# Contributing

**`chainladder-python`** welcomes volunteers at all levels, whether you are new to actuarial reserving, Python, or both. Feedback, questions, suggestions, and contributions are all highly encouraged.

---

## Why Contribute

- Gain practical experience with Python, software development, and actuarial methods.  
- Meet like-minded actuaries that prefer open-source software.
- Help advance open-source actuarial research and reproducible methodologies.  
- Contributing is rewarding and fun!  

---

## How to Contribute

You can help improve and shape the project in many ways:  

1. Submit bugs or enhancement requests via the [issue tracker](https://github.com/casact/chainladder-python/issues).  
2. Volunteer to implement code changes for existing issues.  
3. Ask questions or discuss ideas on the [discussion forum](https://github.com/casact/chainladder-python/discussions).  
4. Improve documentation where it is unclear.  
5. Create new examples or tutorials in the [examples section](https://chainladder-python.readthedocs.io/main/gallery/index.html).  

---

## Contributors Working Group

We also have a Contributors Working Group that meets for one hour approximately every two weeks. We are part of the CAS volunteer groups and are supported by the CAS. If you are interested, you are welcome to join us through the Open-Source Projects Working Group.

We currently meet on Fridays 11:00am - Noon ET, but we periodically adjust meeting times to accommodate contributors across time zones around the globe. Our meetings are relaxed and collaborative, with discussions around milestones, package design ideas, open issues, and other behind-the-scenes work on GitHub.

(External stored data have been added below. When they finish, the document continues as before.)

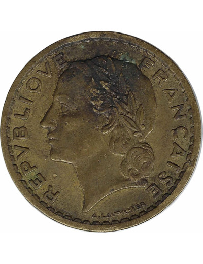 FRANCE 5 FRANCS LAVRILLIER CUPRO ALU 1946 TB+ coup sur tranche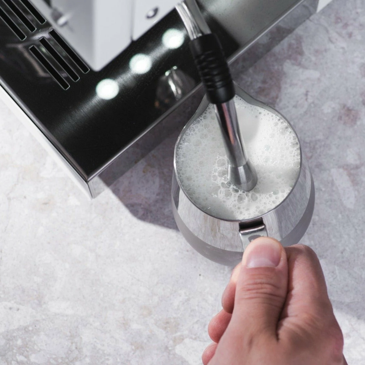 - Electronic steam control with an advanced no-burn steam wand for safety.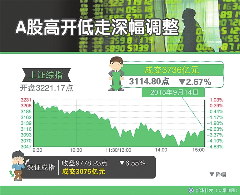 深证成指未能守住万点整数位,报9778.23点,跌685.46点,跌幅高达6.55%。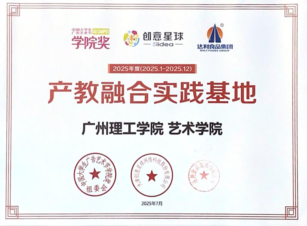 近日,从中国大学生广告艺术节学院奖2025春季征集大赛传来喜讯,威廉希尔,威廉希尔中文网站,WilliamHill官网被正式授予“产教融合实践基地”称号,并获颁荣誉证书,同时,该院徐苗老师荣获“优秀指导老师”奖项。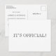 It’s Official! Modern Eloped Wedding Announcement Postcard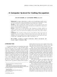 Les informations relatives aux professions sont largement utilisées dans les études épidémiologiques et sont recueillies surtout sur les certificats de décès et de naissance aux Etats-Unis. Le codage d'une telle masse d'informations professionnelles représentait un véritable défi. Cet article décrit comment fonctionne le système de codage informatisé mis au point, rapporte les résultats d'une étude de l'exactitude des codes obtenus à partir du système, et donne quelques exemples de la manière d'utiliser les données codées dans l'état de Washington.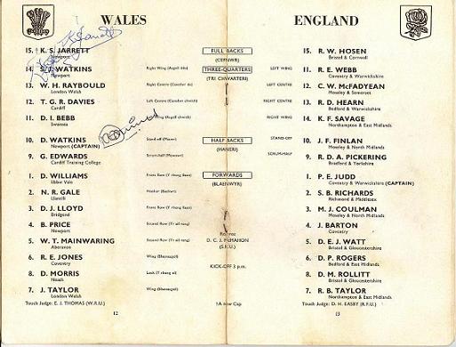 Wales won the wooden spoon but were saved a whitewash by Keith Jarrett’s remarkable debut at full-back vs England in the last match of the season. The week before he had played vs Newbridge in that position at the request of the Welsh Selectors but he was so out of place that captain David Watkins switched him back to centre at HT. Keith scored a then record 19 pts from 1t, 5c and 2p and the only kick he missed rebounded from an upright. Great credit has to go to club-mates David Watkins and Stuart Watkins who coached him and looked after him during the match. Also in that game was Brian Price who was vice-captain with David Watkins captain. David had been restored vs France in place of Barry John who had been on the losing side for both of his Wales appearances.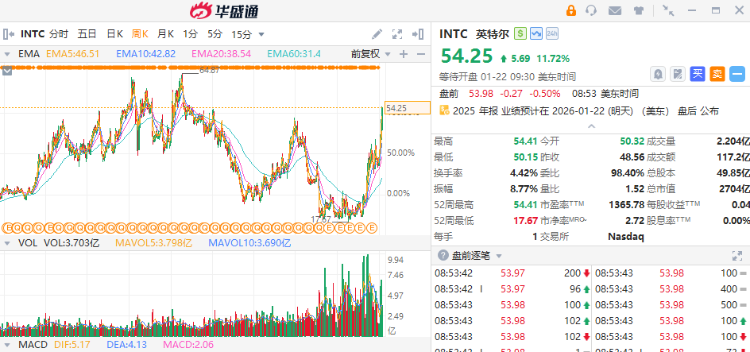 过去两年中,英特尔有63%的时间超过了每股收益预期,有75%的时间超过了营收预期。

We welcome contributors of all skill levels, including CAS members, its affiliate members, industry researchers, educators, students, and CAS candidates. To join us, you may respond to the CAS annual Volunteer Interest and Participation (VIP) Survey, reach out to a CAS staff persons (Heather Davis <hdavis@casact.org>, Elizabeth Smith <esmith@casact.org>), or the working group chair (Kenneth Hsu <kennethshsu@gmail.com>), and we will be happy to welcome you into the group.

---

## API Guidelines

`chainladder-python` is designed to follow the style of **pandas** and **scikit-learn**. This ensures a consistent API and simplifies new development:  

1. Estimators and transformers should follow the [scikit-learn estimator API](https://scikit-learn.org/stable/developers/develop.html).  
2. `Triangle` methods should align with **pandas** (then **NumPy**) naming and signature conventions. Domain-specific methods with no equivalent should follow [PEP8](https://www.python.org/dev/peps/pep-0008/#method-names-and-instance-variables).  
3. `Triangle` methods are non-mutating by default. Mutation is allowed only via an `inplace` argument.  

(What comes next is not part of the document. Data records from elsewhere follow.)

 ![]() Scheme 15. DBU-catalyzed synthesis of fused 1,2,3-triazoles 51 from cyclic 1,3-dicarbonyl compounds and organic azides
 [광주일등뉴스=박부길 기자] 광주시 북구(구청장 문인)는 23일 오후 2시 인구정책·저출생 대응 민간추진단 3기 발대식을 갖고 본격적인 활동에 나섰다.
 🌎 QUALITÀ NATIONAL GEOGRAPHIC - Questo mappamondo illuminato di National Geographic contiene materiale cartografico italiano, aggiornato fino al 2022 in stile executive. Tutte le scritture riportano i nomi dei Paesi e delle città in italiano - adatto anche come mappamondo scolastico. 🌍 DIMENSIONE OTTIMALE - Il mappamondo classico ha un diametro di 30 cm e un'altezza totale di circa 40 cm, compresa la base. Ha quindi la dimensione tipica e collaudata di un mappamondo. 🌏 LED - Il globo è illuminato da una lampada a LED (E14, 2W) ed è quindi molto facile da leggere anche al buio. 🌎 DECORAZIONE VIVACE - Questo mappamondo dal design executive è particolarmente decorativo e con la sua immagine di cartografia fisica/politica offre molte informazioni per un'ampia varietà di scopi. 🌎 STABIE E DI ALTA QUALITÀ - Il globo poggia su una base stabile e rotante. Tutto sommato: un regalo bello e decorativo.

For domain-specific exceptions, discuss on the [issue tracker](https://github.com/casact/chainladder-python/issues).

---

## Development Environment

After forking the repository, you can set up a development environment using `uv`:

```bash
# Install uv if you haven't already
curl -LsSf https://astral.sh/uv/install.sh | sh

# Add uv to your PATH
echo 'export PATH="$HOME/.cargo/bin:$PATH"' >> ~/.zshrc
source ~/.zshrc

# Navigate to your working directory
cd chainladder-python

# Create virtual environment and install all dependencies
uv sync --extra all

```

Once the environment is set up, we may go into development mode with `uv`:
```bash
# Activate the environment
uv run jupyter-lab # or uv run python
```

This will install the package in editable mode with all development dependencies. After finishing work, deactivate:

```bash
deactivate
```

---

## Documentation

Documentation is built with **Jupyter Book**. From your development environment:  

```bash
cd docs
jb build .
```

The generated site is in `_build/html`. Documentation is maintained in:  

1. Docstrings within the code (hosted in API reference).  
2. User Guide notebooks (`/docs/modules`).  
3. Tutorial notebooks (`/docs/tutorials`).  

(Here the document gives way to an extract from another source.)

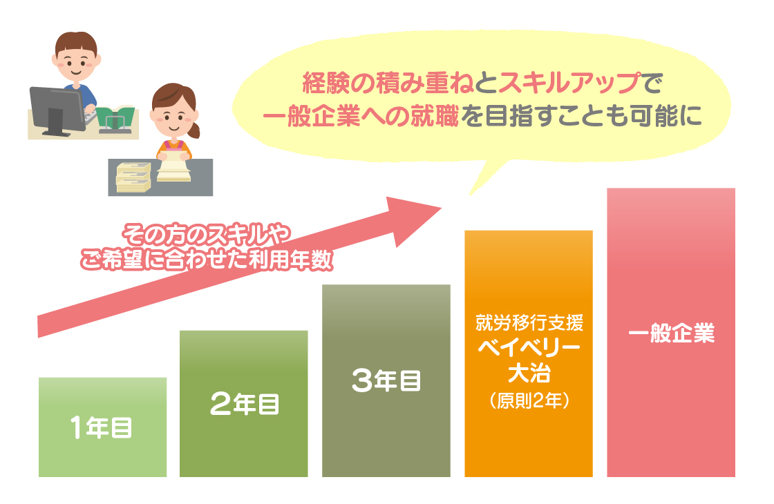 その方のスキルやご希望に合わせて様々な支援でスキルアップをサポートします。

Contributions to documentation are especially helpful for new users.

---

## Pull Requests (PRs)

**Guidelines for PRs:**  

**PRs must:**  
- Pass all existing unit tests  
- Undergo independent peer review  

**PRs are encouraged to:**  
- Be small, focused, and modular  
- Link to relevant Issue ticket(s)  
- Include docstring updates for any code changes  
- Update the documentation site for corresponding changes  
- Follow established naming conventions  
- Include new unit tests with reasonable coverage  

All PRs should be run locally before submission.

For codebase tests, run:

```bash
pytest
```

For documentation changes, rebuild the docs locally with:
```bash
uv run jb build docs --builder=custom --custom-builder=doctest
```

Large or unfocused PRs may delay merging. Each PR should address a single issue or feature to maintain clarity and quality.